Genetic map and regulatory pathways of ICEBs1.

Genes are represented by horizontal block arrows indicating the direction of transcription. Vertical right-angle arrows mark the positions of promoters, and the arrowhead indicates the direction of transcription. Genes known to be involved in the conjugative life cycle of ICEBs1 are shaded in gray. The 60 bp direct repeats that mark the ends of ICEBs1 are shown as black rectangles. (Inset) A partial genetic map that highlights factors involved in the regulation of ICEBs1. The major promoter Pxis drives expression of most genes in ICEBs1. Pxis is repressed by the ICE-encoded repressor ImmR. Repression is relieved when ImmR is cleaved by the protease ImmA, and proteolytic cleavage is stimulated by activated RecA (RecA*) in response to DNA damage, or, independently by the cell signaling regulator RapI. RapI is made when cells are crowded by potential recipients, but repressed by the ICE-encoded secreted peptide PhrI if the neighboring cells already contain a copy of ICEBs1. devI (formerly ydcO) is the third open-reading frame downstream of Pxis. DevI inhibits sporulation and expression of biofilm matrix genes, likely by inhibiting Spo0A (directly or indirectly). In the genetic pathways, black arrows indicate activation and red T-bars indicate inhibition.

Fitness of ICEBs1-containing cells relative to ICEBs1-cured cells during development.

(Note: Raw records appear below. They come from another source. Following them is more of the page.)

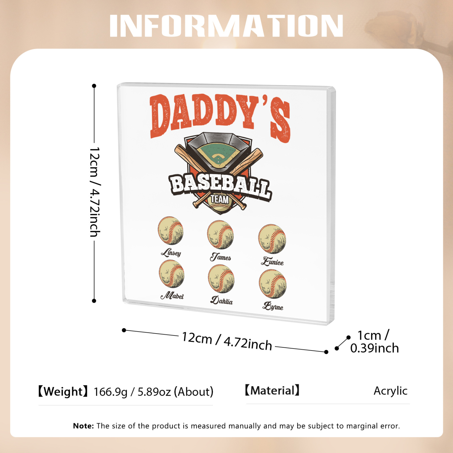 6 Names - Personalized Baseball Acrylic Keepsake Customized Name Acrylic Plaque Decoration Father's Day Gift for Dad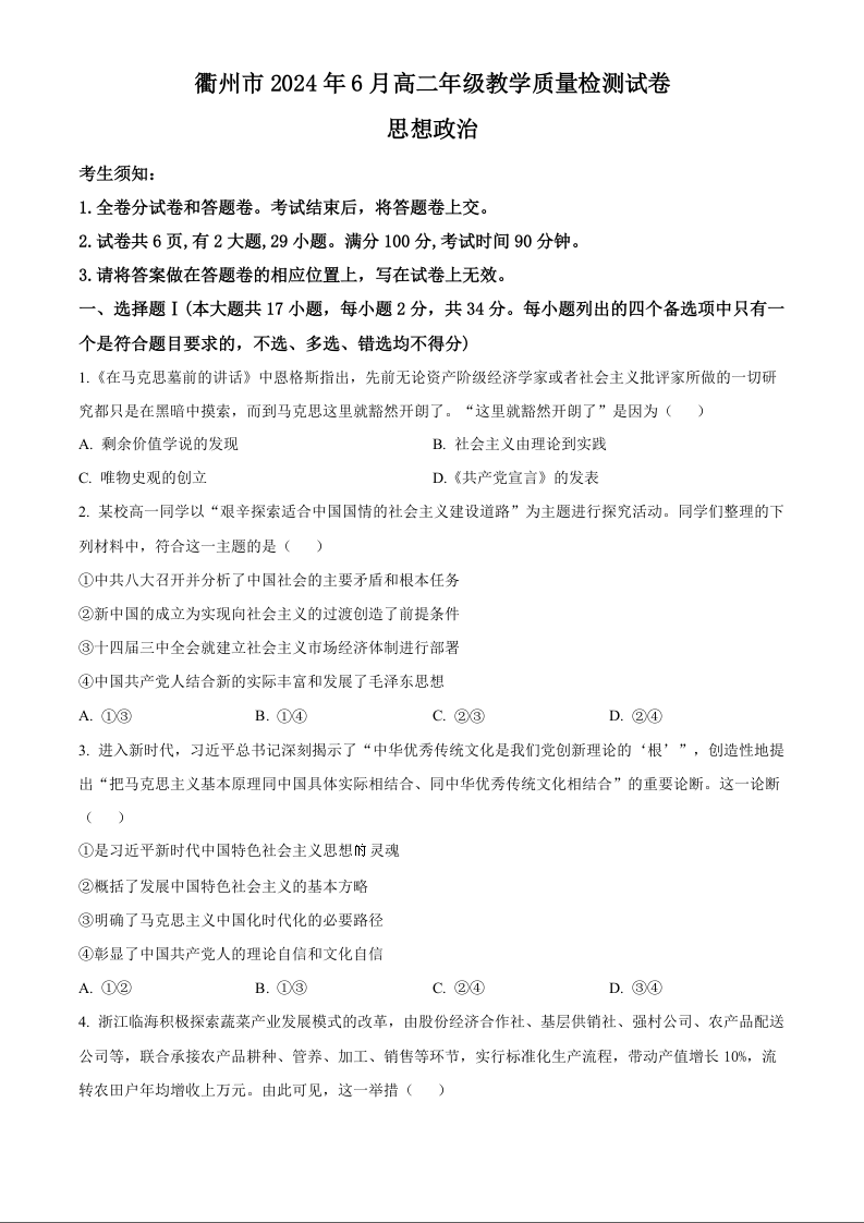 浙江省衢州市2025届高二下学期6月期末考试政治(原卷版)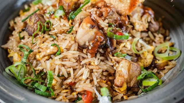 Riso, bocconcini di pollo / carne / misto, uova, cipollotti, salsa di soia e spezie

The fitness of ICEBs1-containing cells (JMJ593) relative to ICEBs1-cured cells (JMJ550) was measured by competition during biofilm growth (A) or growth on sporulation medium (B). Total growth yields in biofilms (C) and on sporulation medium (D) were determined by counting CFUs derived from both cells and spores. The fitness of ICEBs1-containing cells relative to ICEBs1-cured cells was compared between the wild-type strain background (JMJ593 vs. JMJ550) and in the sporulation-deficient spo0A∆Ps background (JMJ788 vs. JMJ786) by competition during biofilm growth (E) or growth on sporulation medium (F). ICEBs1-containing cells were inoculated at an initial frequency of 0.01. Data shown are pooled from three independent experiments. A total of nine populations (biological replicates) were analyzed per condition. Boxes extend from the lower to upper quartiles of the data, and the middle line indicates the median fitness. Whiskers indicate the range of the fitness measurements. Asterisks indicate a p-value<0.05 (two-tailed T-test, unequal variance). Exact p-values: (A) 3.7 × 10−5, 8.8 × 10−3, 6.0 × 10−1; (B) 4.9 × 10−11, 1.6 × 10−4, 7.1 × 10−3; (C) 3.7 × 10−1, 4.2 × 10−1, 2.2 × 10−2; (D) 8.9 × 10−1, 1.9 × 10−1, 1.7 × 10−1; (E) 5.5 × 10−6; (F) 2.4 × 10−5.

Figure 2—source data 1

Frequency-dependent fitness.

Counts of ICEBs1-containing and ICEBs1-cured cells at start and end of competitions on biofilm and sporulation growth medium.

https://cdn.elifesciences.org/articles/65924/elife-65924-fig2-data1-v2.xlsx
Figure 2—source data 2

Fitness dependence on sporulation.

Counts of ICEBs1-containing and ICEBs1-cured cells at start and end of competitions for strains of wild-type or sporulation-deficient backgrounds.

https://cdn.elifesciences.org/articles/65924/elife-65924-fig2-data2-v2.xlsx
ICEBs1-containing cells delay sporulation in a frequency-dependent manner.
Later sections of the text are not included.